Monument ter herdenking van Operatie Nemesis, gericht tegen de architecten van de zogenaamde ‘Armeense Genocide’, wekt verontwaardiging op in Ankara.

Turkije heeft aangekondigd zijn luchtruim te sluiten voor Armeense vluchten nadat het een nieuw gedenkteken heeft onthuld.

Het nieuwe monument, dat vorige week in de hoofdstad Jerevan werd geopend, herdenkt Operatie Nemesis, een programma dat in de jaren 1910 werd opgestart om degenen die verantwoordelijk werden geacht voor de zogenaamde ‘Armeense kwestie’, op te sporen en te vermoorden.

De operatie werd uitgevoerd door de nationalistische Armeense Revolutionaire Federatie en doodde zeven mensen, onder wie Talat Pasja.

Op woensdag zei de Turkse regering – die de moorden van 1915 niet als genocide erkent – dat zij de toegang tot Armeense vluchten over het nieuwe monument zou afsluiten.

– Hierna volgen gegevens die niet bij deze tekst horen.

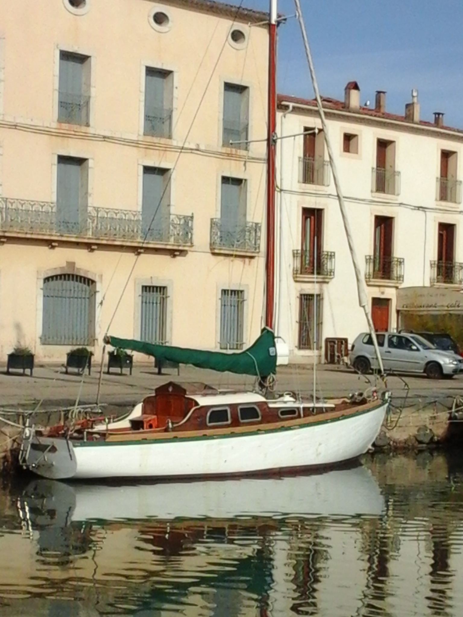 A L'ORIGINE: - Sloop avec foc en tête et un étage de flèches. - Mât et bôme: spruce verni. - Gréement courant: tergal. - Gréement dormant: double étais avant/haubans/galhaubans/pataras/ridoirs: inox. - Poulies: céleron.Voilure / à propos :
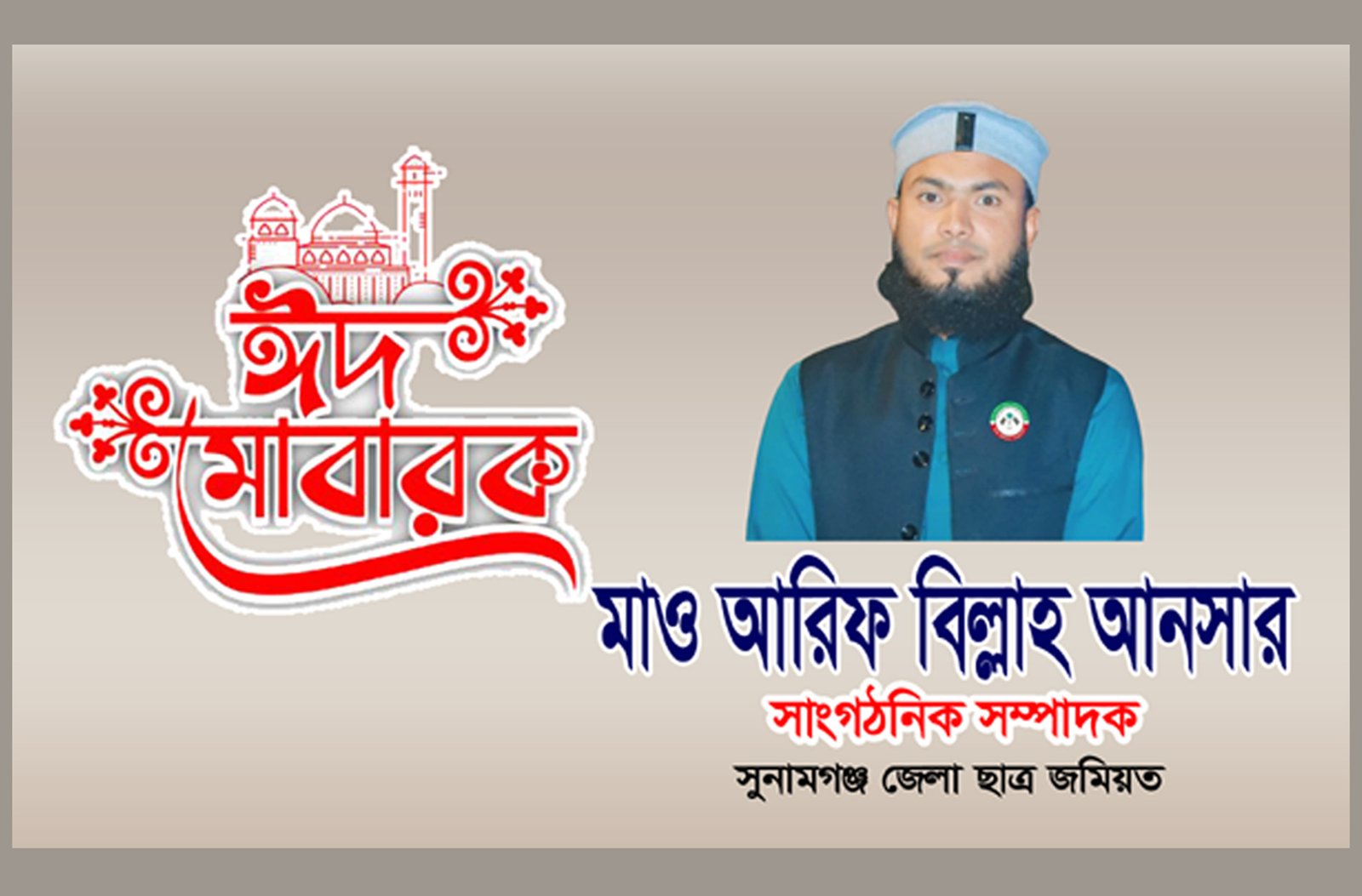 সুনামগঞ্জ জেলা ছাত্র জমিয়তের সাংগঠনিক সম্পাদক মাও. আরিফ বিল্লাহ আনসারের ঈদ শুভেচ্ছা

“De oprichting van een monument in Jerevan ter ere van Operatie Nemesis is onaanvaardbaar. Ik kan het niet accepteren,” zei de Turkse minister van Buitenlandse Zaken Mevlut Cavusoglu.

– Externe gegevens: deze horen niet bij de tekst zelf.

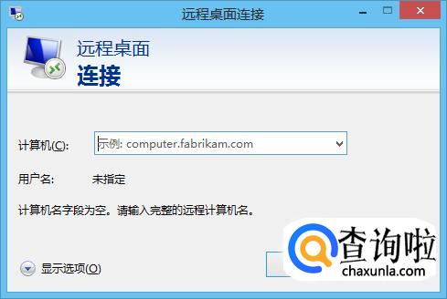 以上操作后就进入“远程桌面连接”对话框,在计算机选项后的输入框内输入刚才开启了远程桌面功能电脑IP地址,点击连接。然后输入被访问电脑的登录用户名和密码,点击【确定】即可。
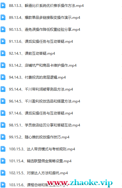 └──99.15.2、随心推的投放操作技巧.mp4 75.23M├──100.15.3、达人带货模式与考核规则.mp4 32.16M
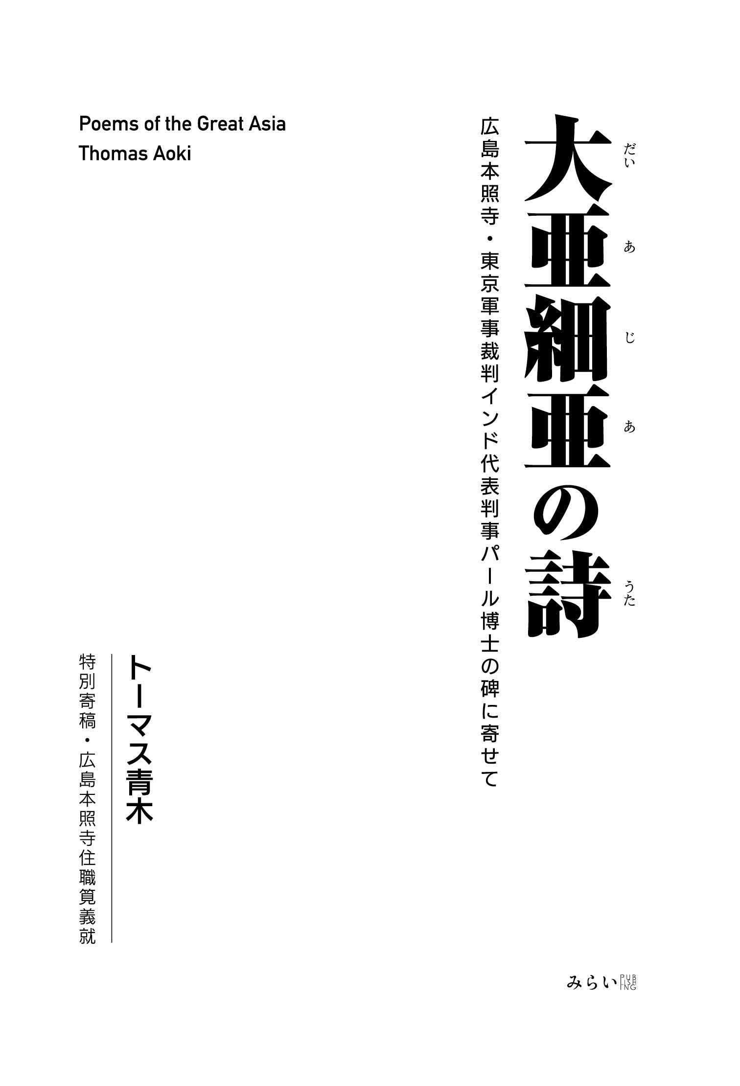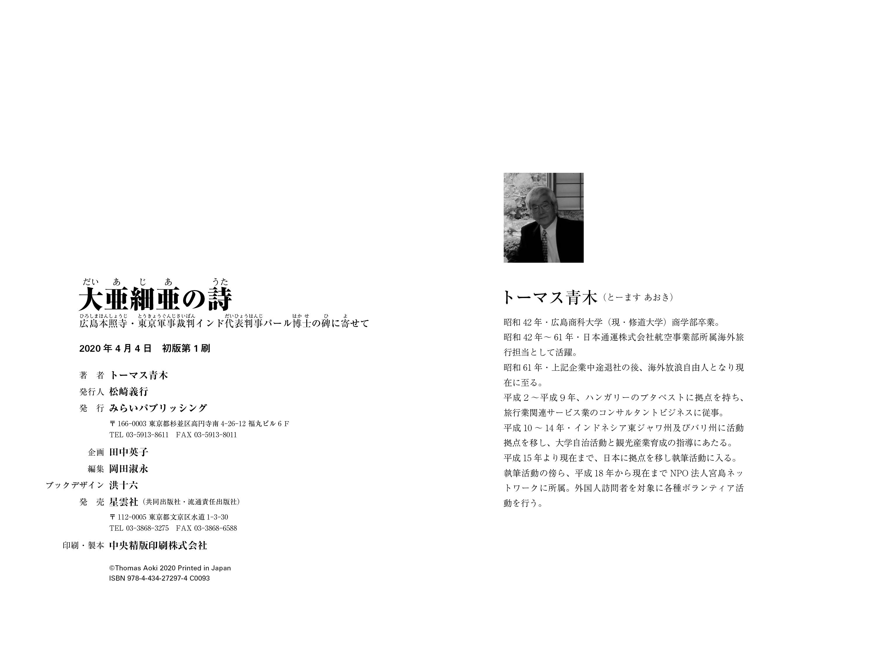 みらいパブリッシング(所在地:東京都杉並区高円寺、代表取締役:松崎義行)は『大亜細亜の詩』 を2020年3月25日に刊行します。 著者:トーマス青木 四六判 192ページ 本体 1800円+税 ISBN:978-4-434-27297-4 書籍詳細:https://www.amazon.co.jp/dp/4434272977
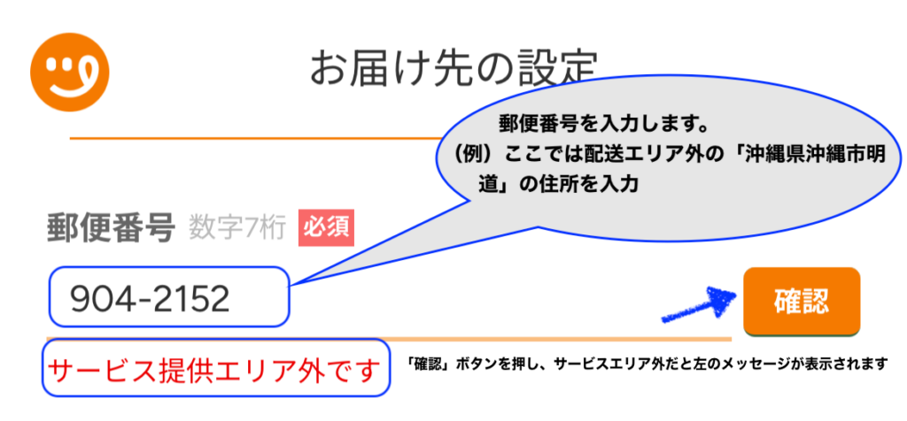 確かにいざ利用したいけど、離島などに住んでいる方にとっては、配送エリア内になるのかって不安になることってあると思います。
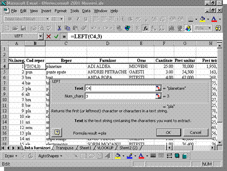 Aceste functii returneaza primele x caractere din extremitatea stânga (sau dreapta) a unei celule sau domeniu de celule. Sunt utile în cazul în care dorim sa cream un câmp numit Cod Reper, spre exemplu, care sa preia primele x caractere din denumirea unui reper. Modul de completare este ilustrat în figura urmatoare.

In een gesprek met NTV zei hij ook dat verdere actie zou worden ondernomen als het monument niet zou worden verwijderd.

De controverse komt minder dan twee weken voor cruciale verkiezingen in Turkije, waarbij de regerende Partij voor Gerechtigheid en Ontwikkeling (AKP) en haar leider president Recep Tayyip Erdogan mogelijk voor het eerst sinds 2002 uit de macht worden gezet.

Gespannen

Timothy Ash, een econoom en Turkije-analist, tweette dat het vluchtbesluit leek op “een poging om de kaart van de verkiezingen te spelen”.

De betrekkingen tussen Turkije en Armenië zijn van oudsher gespannen over de kwestie van de genocide.

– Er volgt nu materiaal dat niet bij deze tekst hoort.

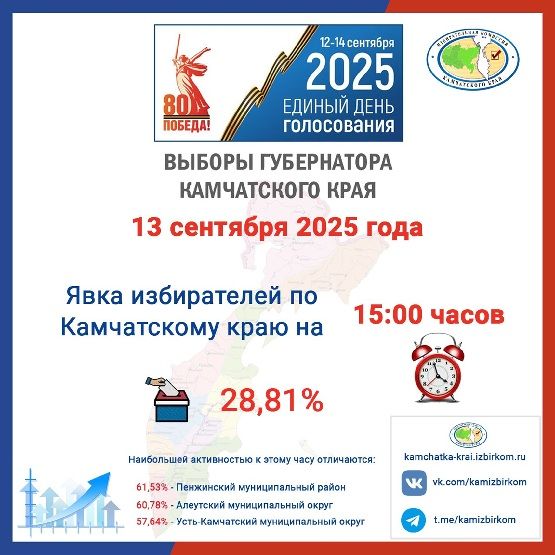 Активность избирателей на выборах Губернатора Камчатского края по состоянию на 15:00 часов 13 сентября 2025 года составила 28,81 %.
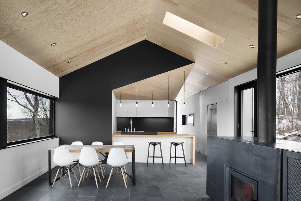 Canadian architect David Dworkind has created a two-storey villa composed of two superimposed structures, lying on top of a slope from where they seem to float among the trees of this vast mountain area on the border between Quebec and Vermont
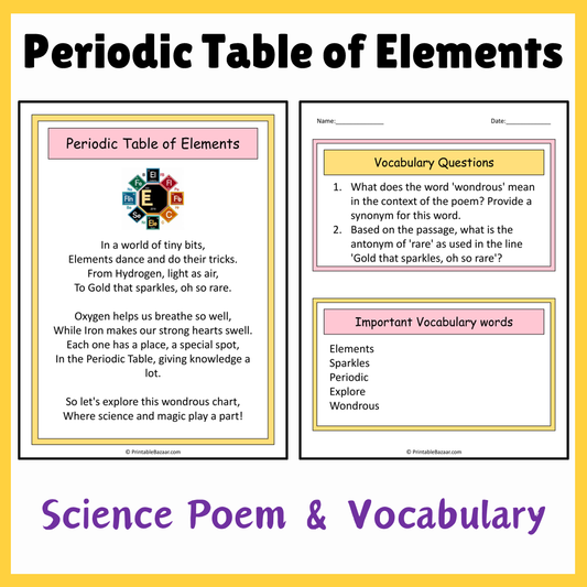 Periodic Table of Elements | Science Poem Reading Comprehension Activity
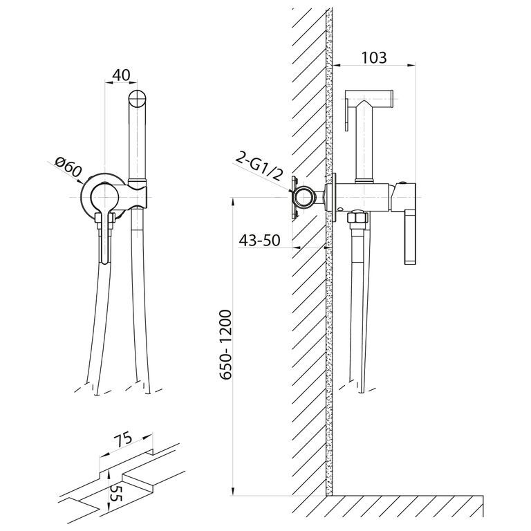 Sapho CUBEMIX podomítková bidetová baterie se Stop sprškou, hranatá, chrom
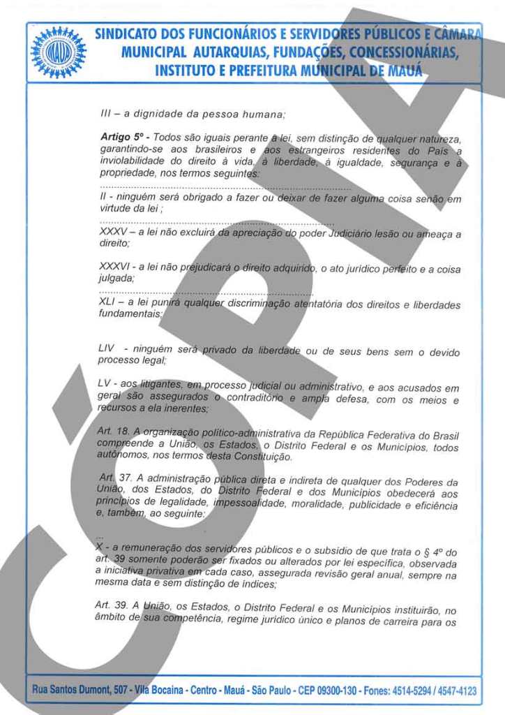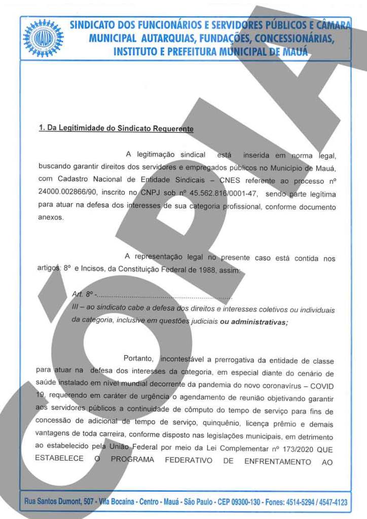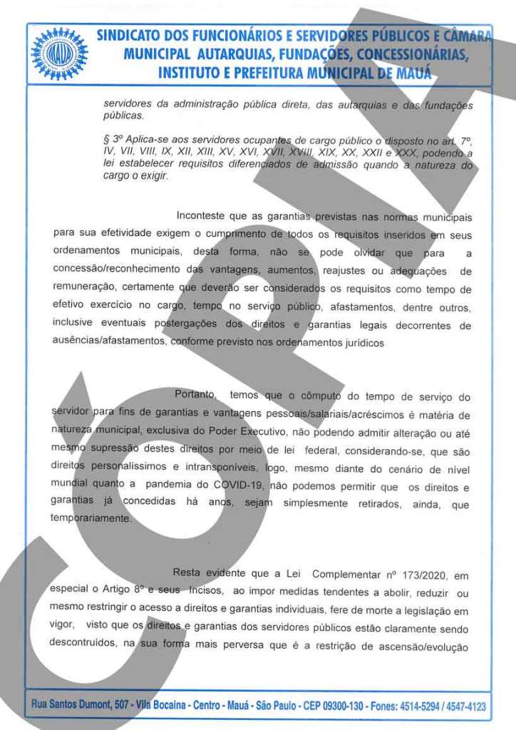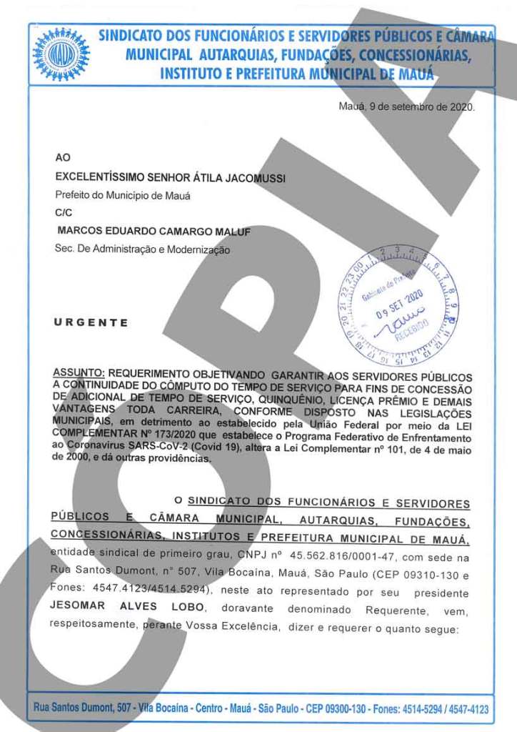 Diante do congelamento ilegal de reajustes salariais, da contagem de tempo para quinquênio e para a licença-prêmio, entre outras vantagens da carreira, o Sindicato dos Servidores e Funcionários Públicos (Sindserv) de Mauá apresentou à administração municipal, na última quarta-feira (9), em ofício encaminhado ao gabinete do prefeito, argumentos sólidos de que a interrupção de cômputo do período aquisitivo dos direitos dos trabalhadores, determinadas pela Lei Complementar nº 173/20, fere de morte a Constituição Federal, o pacto federativo e autonomia do município de legislar sobre questões municipais.

Na het uiteenvallen van de Sovjet-Unie en de oprichting van de onafhankelijke staat Armenië zijn er pogingen geweest om de banden tussen beide landen te herstellen, met af en toe een diplomatieke doorbraak.

Vorig jaar suggereerden diplomatieke bronnen dat de twee landen dichter bij een normalisatie van de banden kwamen en vergaderingen hadden gehouden om de landgrenzen eventueel te heropenen.

De Turkse presidentiële woordvoerder Ibrahim Kalin zei dat het normaal is dat de betrekkingen tussen Turkije en Armenië hun ups en downs kennen, en merkte op dat de herdenking werd gesteund door lokale autoriteiten in Jerevan en niet door de Armeense regering.

“Het was uitgesloten dat wij niet zouden reageren op het Nemesis-monument dat in Jerevan werd geopend,” zei hij.

“De [Armeense regering] vertelt ons dat dit niet is gedaan door de centrale regering, maar is gebouwd onder de bevoegdheid van de lokale gemeente Yerevan. Als de centrale regering er niet gelukkig mee is, moet zij daarnaar handelen.”